Each entry should be set down exactly as written, except for any picture it holds.

** EXTRACTED INFORMATION follows **

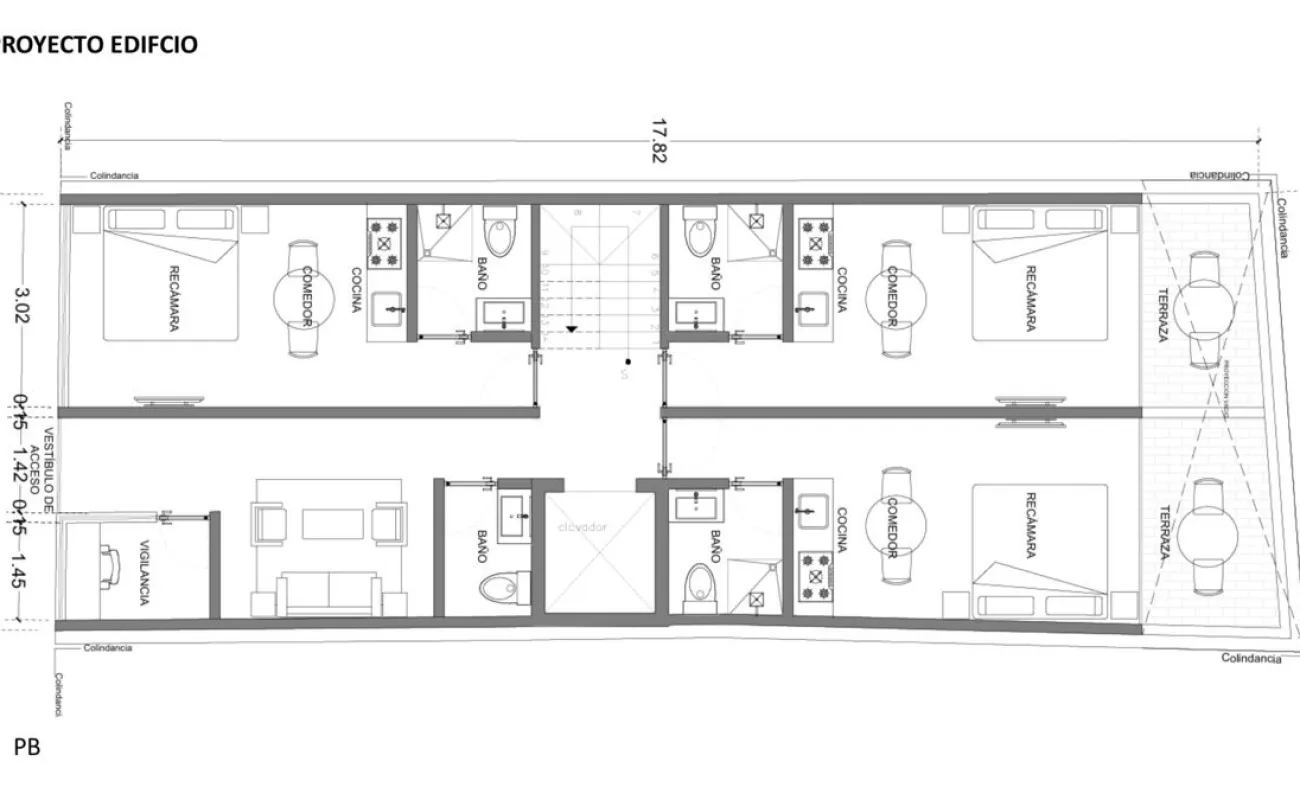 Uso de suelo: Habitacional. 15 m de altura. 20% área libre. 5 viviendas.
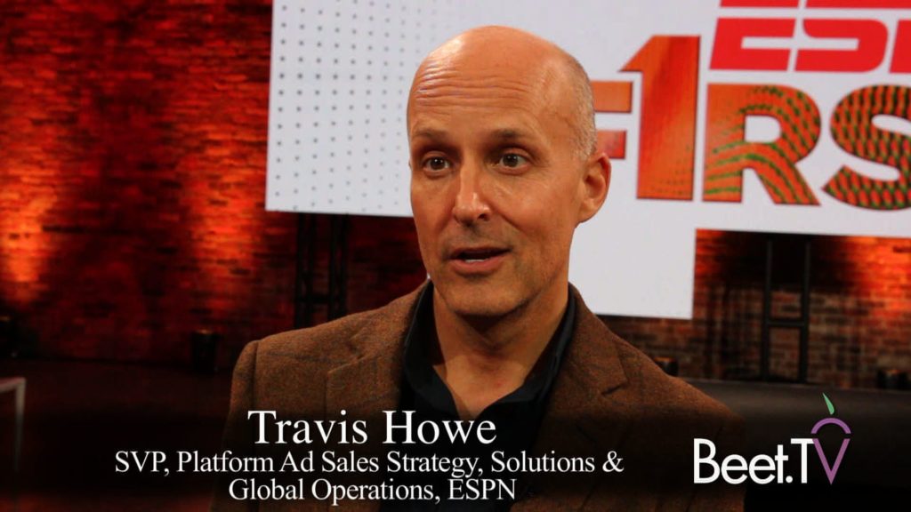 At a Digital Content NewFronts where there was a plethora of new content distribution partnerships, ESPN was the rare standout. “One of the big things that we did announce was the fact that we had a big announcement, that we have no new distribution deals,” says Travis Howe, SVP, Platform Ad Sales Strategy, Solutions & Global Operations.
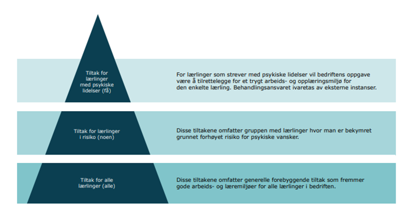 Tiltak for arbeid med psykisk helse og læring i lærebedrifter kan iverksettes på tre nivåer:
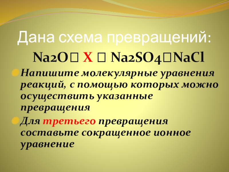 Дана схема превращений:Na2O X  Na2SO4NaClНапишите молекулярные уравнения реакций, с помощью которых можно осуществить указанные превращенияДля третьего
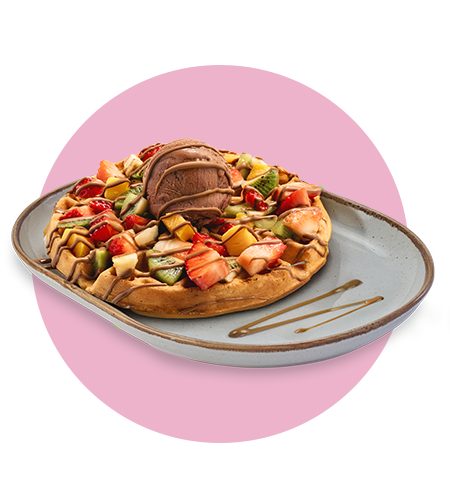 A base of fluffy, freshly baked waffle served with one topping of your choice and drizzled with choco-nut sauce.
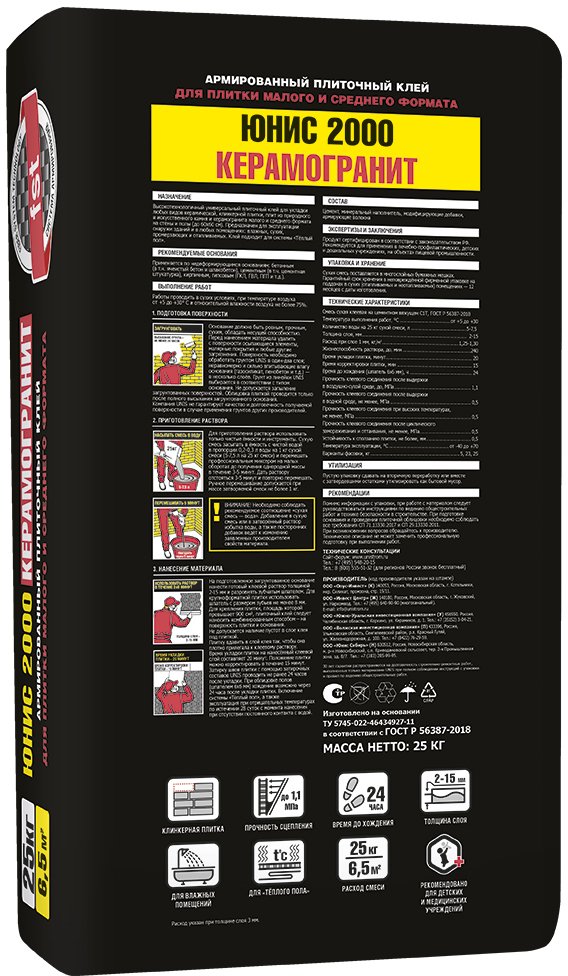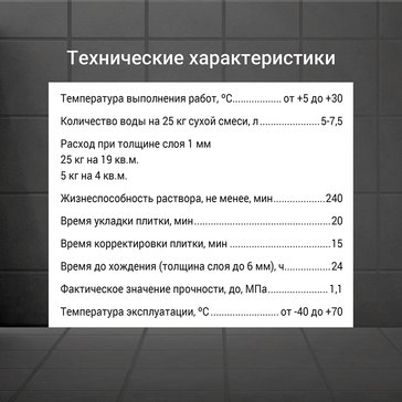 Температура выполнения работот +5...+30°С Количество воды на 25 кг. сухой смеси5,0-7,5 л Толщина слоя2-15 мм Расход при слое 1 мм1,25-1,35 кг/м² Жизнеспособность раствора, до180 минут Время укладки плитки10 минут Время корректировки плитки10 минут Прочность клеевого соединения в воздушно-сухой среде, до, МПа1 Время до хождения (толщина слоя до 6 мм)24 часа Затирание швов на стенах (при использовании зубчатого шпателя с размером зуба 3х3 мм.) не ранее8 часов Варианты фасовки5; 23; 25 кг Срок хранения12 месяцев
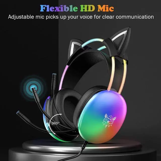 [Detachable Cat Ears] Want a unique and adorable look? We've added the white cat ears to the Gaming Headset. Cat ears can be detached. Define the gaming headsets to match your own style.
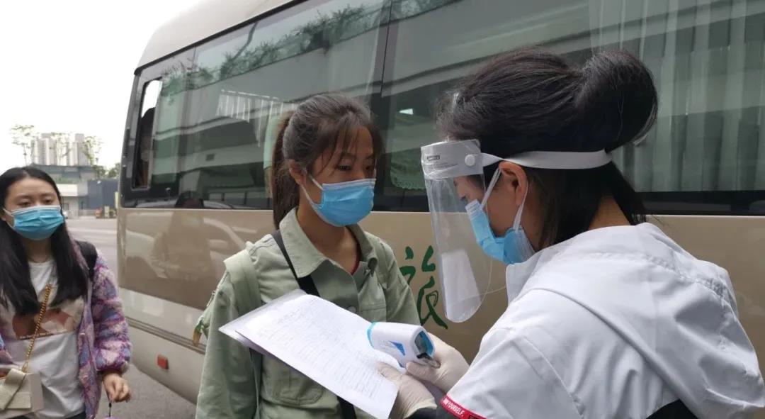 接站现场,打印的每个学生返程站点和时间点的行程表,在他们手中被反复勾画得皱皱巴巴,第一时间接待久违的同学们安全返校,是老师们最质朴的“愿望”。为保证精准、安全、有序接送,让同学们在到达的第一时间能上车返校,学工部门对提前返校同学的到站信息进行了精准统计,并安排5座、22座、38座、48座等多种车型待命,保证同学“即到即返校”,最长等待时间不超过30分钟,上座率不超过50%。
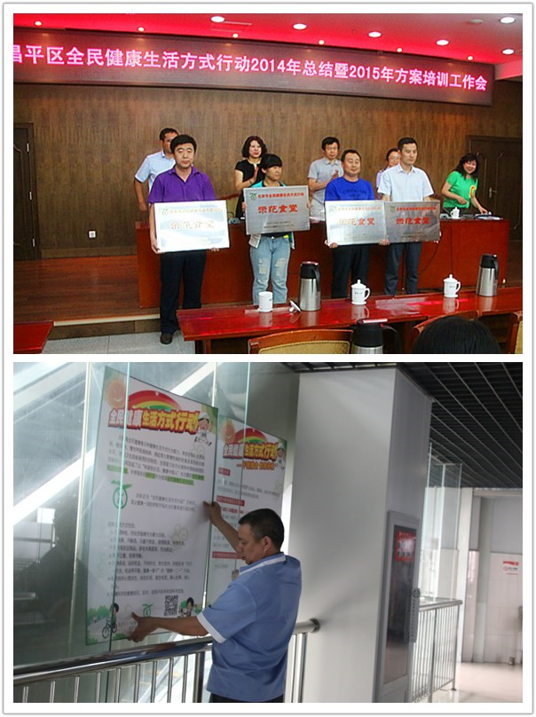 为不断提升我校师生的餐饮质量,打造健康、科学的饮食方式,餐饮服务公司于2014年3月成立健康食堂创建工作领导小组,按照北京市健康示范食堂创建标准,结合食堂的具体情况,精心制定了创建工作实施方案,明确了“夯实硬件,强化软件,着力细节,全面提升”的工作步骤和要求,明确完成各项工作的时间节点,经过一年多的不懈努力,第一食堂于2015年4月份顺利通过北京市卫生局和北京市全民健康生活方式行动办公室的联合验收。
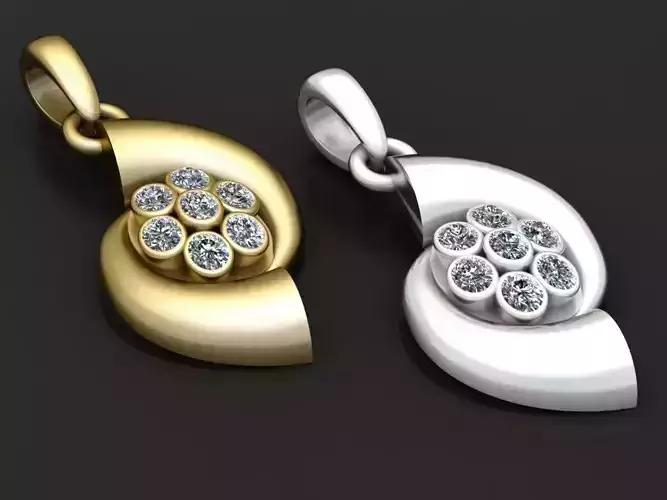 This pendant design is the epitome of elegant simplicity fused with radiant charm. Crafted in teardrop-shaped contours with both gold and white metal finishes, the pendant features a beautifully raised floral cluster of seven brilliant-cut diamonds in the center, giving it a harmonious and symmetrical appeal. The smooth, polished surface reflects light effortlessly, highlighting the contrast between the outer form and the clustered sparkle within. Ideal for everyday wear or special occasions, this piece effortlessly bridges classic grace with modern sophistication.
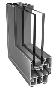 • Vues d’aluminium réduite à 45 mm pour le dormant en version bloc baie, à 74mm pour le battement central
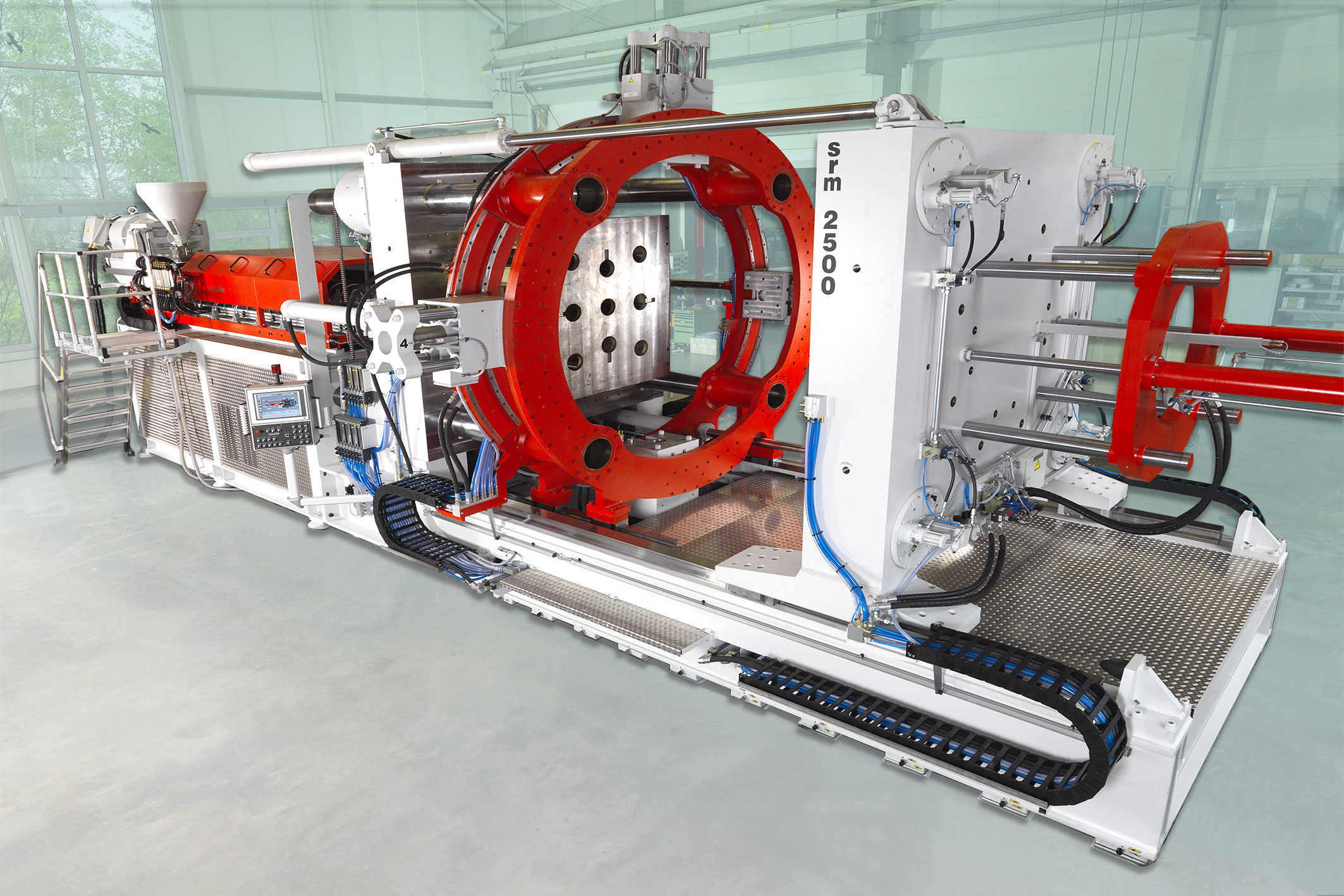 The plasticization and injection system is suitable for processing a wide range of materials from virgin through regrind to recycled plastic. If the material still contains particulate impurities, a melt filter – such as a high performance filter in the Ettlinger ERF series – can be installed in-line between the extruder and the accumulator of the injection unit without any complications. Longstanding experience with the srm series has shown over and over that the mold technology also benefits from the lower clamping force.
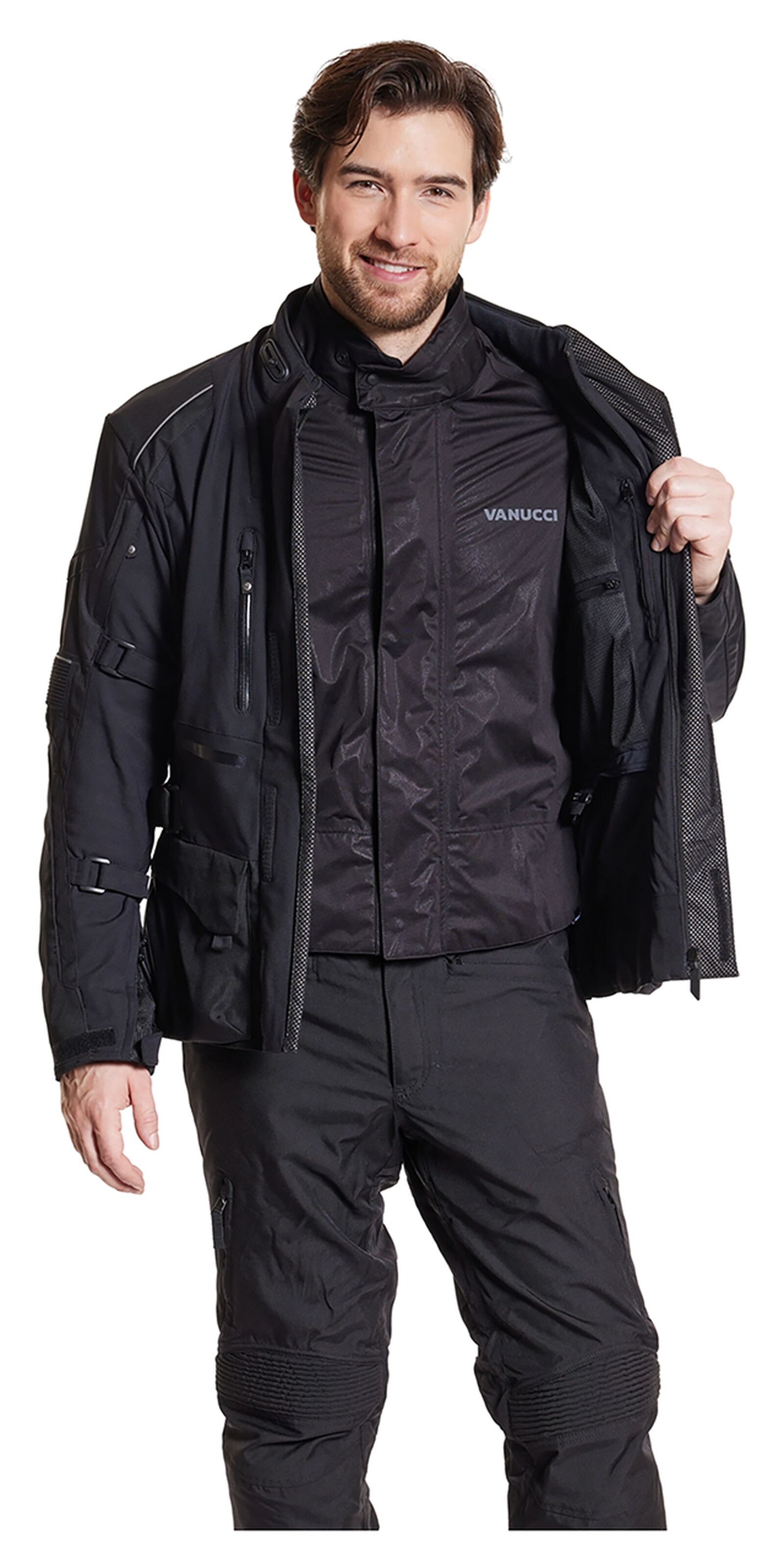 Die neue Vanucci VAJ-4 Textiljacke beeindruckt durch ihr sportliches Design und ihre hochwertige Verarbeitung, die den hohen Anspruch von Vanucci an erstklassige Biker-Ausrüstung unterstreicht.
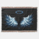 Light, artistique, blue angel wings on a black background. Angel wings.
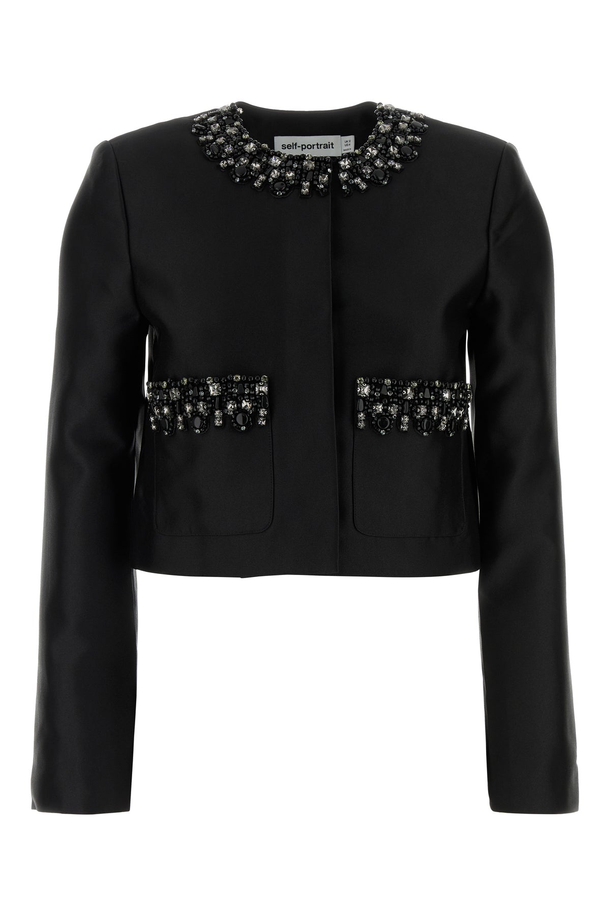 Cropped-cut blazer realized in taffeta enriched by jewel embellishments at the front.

** End of EXTRACTED INFORMATION **

◆ **EXERCISE SOLUTION**:
 Uso de suelo: Habitacional. 15 m de altura. 20% área libre. 5 viviendas.
 At a Digital Content NewFronts where there was a plethora of new content distribution partnerships, ESPN was the rare standout. “One of the big things that we did announce was the fact that we had a big announcement, that we have no new distribution deals,” says Travis Howe, SVP, Platform Ad Sales Strategy, Solutions & Global Operations.
 Tiltak for arbeid med psykisk helse og læring i lærebedrifter kan iverksettes på tre nivåer:
 Дана схема превращений:Na2O X  Na2SO4NaClНапишите молекулярные уравнения реакций, с помощью которых можно осуществить указанные превращенияДля третьего
 A base of fluffy, freshly baked waffle served with one topping of your choice and drizzled with choco-nut sauce.
 Температура выполнения работот +5...+30°С Количество воды на 25 кг. сухой смеси5,0-7,5 л Толщина слоя2-15 мм Расход при слое 1 мм1,25-1,35 кг/м² Жизнеспособность раствора, до180 минут Время укладки плитки10 минут Время корректировки плитки10 минут Прочность клеевого соединения в воздушно-сухой среде, до, МПа1 Время до хождения (толщина слоя до 6 мм)24 часа Затирание швов на стенах (при использовании зубчатого шпателя с размером зуба 3х3 мм.) не ранее8 часов Варианты фасовки5; 23; 25 кг Срок хранения12 месяцев
 [Detachable Cat Ears] Want a unique and adorable look? We've added the white cat ears to the Gaming Headset. Cat ears can be detached. Define the gaming headsets to match your own style.
 接站现场,打印的每个学生返程站点和时间点的行程表,在他们手中被反复勾画得皱皱巴巴,第一时间接待久违的同学们安全返校,是老师们最质朴的“愿望”。为保证精准、安全、有序接送,让同学们在到达的第一时间能上车返校,学工部门对提前返校同学的到站信息进行了精准统计,并安排5座、22座、38座、48座等多种车型待命,保证同学“即到即返校”,最长等待时间不超过30分钟,上座率不超过50%。
 为不断提升我校师生的餐饮质量,打造健康、科学的饮食方式,餐饮服务公司于2014年3月成立健康食堂创建工作领导小组,按照北京市健康示范食堂创建标准,结合食堂的具体情况,精心制定了创建工作实施方案,明确了“夯实硬件,强化软件,着力细节,全面提升”的工作步骤和要求,明确完成各项工作的时间节点,经过一年多的不懈努力,第一食堂于2015年4月份顺利通过北京市卫生局和北京市全民健康生活方式行动办公室的联合验收。
 This pendant design is the epitome of elegant simplicity fused with radiant charm. Crafted in teardrop-shaped contours with both gold and white metal finishes, the pendant features a beautifully raised floral cluster of seven brilliant-cut diamonds in the center, giving it a harmonious and symmetrical appeal. The smooth, polished surface reflects light effortlessly, highlighting the contrast between the outer form and the clustered sparkle within. Ideal for everyday wear or special occasions, this piece effortlessly bridges classic grace with modern sophistication.
 • Vues d’aluminium réduite à 45 mm pour le dormant en version bloc baie, à 74mm pour le battement central
 The plasticization and injection system is suitable for processing a wide range of materials from virgin through regrind to recycled plastic. If the material still contains particulate impurities, a melt filter – such as a high performance filter in the Ettlinger ERF series – can be installed in-line between the extruder and the accumulator of the injection unit without any complications. Longstanding experience with the srm series has shown over and over that the mold technology also benefits from the lower clamping force.
 Die neue Vanucci VAJ-4 Textiljacke beeindruckt durch ihr sportliches Design und ihre hochwertige Verarbeitung, die den hohen Anspruch von Vanucci an erstklassige Biker-Ausrüstung unterstreicht.
 Light, artistique, blue angel wings on a black background. Angel wings.
 Cropped-cut blazer realized in taffeta enriched by jewel embellishments at the front.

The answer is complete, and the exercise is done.